At the time I was still in High-School working in an IT department. We had dozens of obsolete IBM 701 Thinkpads to get rid of. I always thought that these were actually a pretty cool model. They were about the size of a netbook with the thickness of a brick. It’s unique butterfly jointed keyboard was its selling point. As soon at you lifted the screen a full sized keyboard would flip open.

The question of course was what to do with them? You couldn’t really give them away because no one would take them. The simplest thing to do of course would be to throw them out.

I thought it might be better to try to put these laptops to use.

Linux? Windows?

The range I was working with was from 4-24 MB of RAM. Initially my hope was to use some Linux distribution, but I just couldn’t find the right setup for such a low-end system. After much research I found that I would be able to strip windows 98 of enough components to run comfortably on these low end machines. Additionally within windows 98 I would swap out the shell with the windows 95 shell for further reduced resource usage.
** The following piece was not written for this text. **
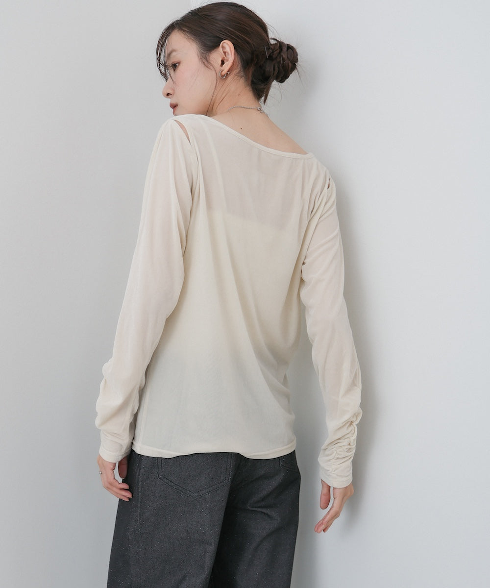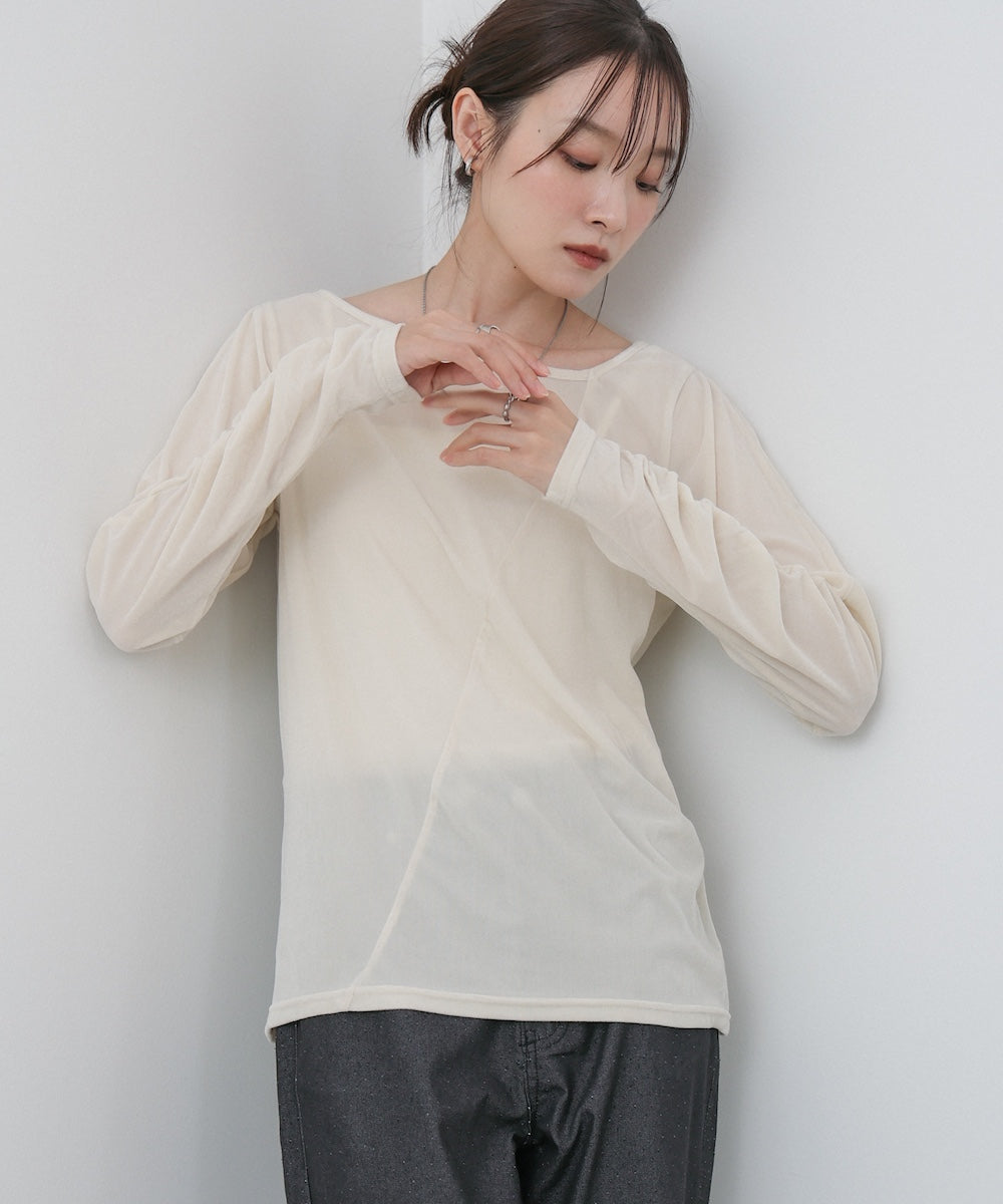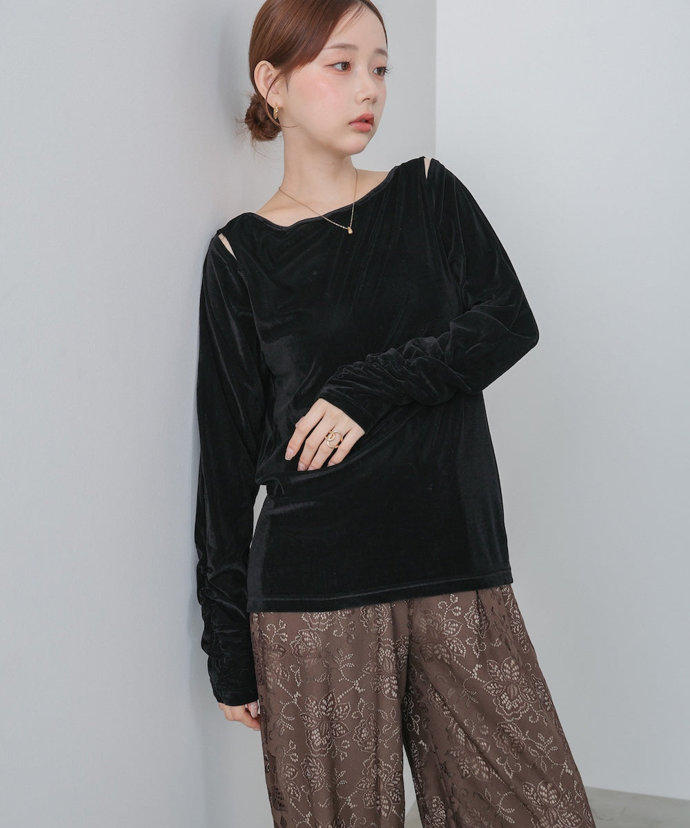 シアー感とベロアの上品な艶が女性らしさを引き立てる、前後2WAY仕様のトップス。肩部分にさりげない肌見せディテールを入れることで、ヘルシーな抜け感をプラス。後ろは斜めに入った切り替えデザインで、どこから見ても印象的なシルエットに仕上がっています。袖はひじ下からくしゅくしゅとギャザーが寄り、華やかで立体的な表情を演出。シンプルながらも一枚で着映える存在感のあるアイテムです。前後どちらでも着られる2WAY仕様なので、その日の気分やシーンに合わせて着こなしを楽しめます。

This worked well on all systems down to 8MB, but I still had a few systems running on 4MB of RAM. For these I would have to forgo the features and improved stability of windows 98 and stick with a pure windows 95 installation. For the web browser I would choose the lightweight Mozilla based K-Meleon browser which worked very well in all systems. Microsoft Office 2000 would be installed providing productivity software.

Installation

Because these unit had no optical media drive I would have to figure out a way to set them up. I had approached a local university professor about what I was doing. He dug in an old box and passed me a null modem serial cable. With speeds twice as fast as dial-up, it was the slowest possible way one could ever think of setting a system up. Using Ghost imaging software I could deploy system images over night. In retrospect, it would have been much faster to remove the hard disk and work with it directly.

Delivery

Having to visit Chile anyway, I would pack these laptops into my checked luggage and go on my way. They would ultimately end up with our community center in Carahue. In the end the project wouldn’t go far as several programs with far more resources would soon be put into place. The Bill and Melinda Gates foundation would donate lab to the local library which is still in use today. A lab that I had worked on after a major earthquake in 2011. Government programs have also stepped in, as we start to see students come home with brand new laptops.

Working in Carahue did present unique challenges. Voltages can be inconsistent ranging from 160-230 volts. Equipment tends to be expensive and a little harder to come by. Generic electronics are often heavily marked up. A failed power supply will be repaired rather than replaced. Software Licensing is often not an option as it is too expensive to be seen as affordable, but nowadays robust opensource alternatives do exist.




The use of technology in the region has improved leaps and bounds over time. Back then I would wardrive around the town with my distribution of backtrack linux looking for a wireless network I could get into to check my e-mail. There were two. Nowadays there are hundreds down the block. whether it be through a physical link or mobile broadband, high speed internet is also readily affordable and available these days.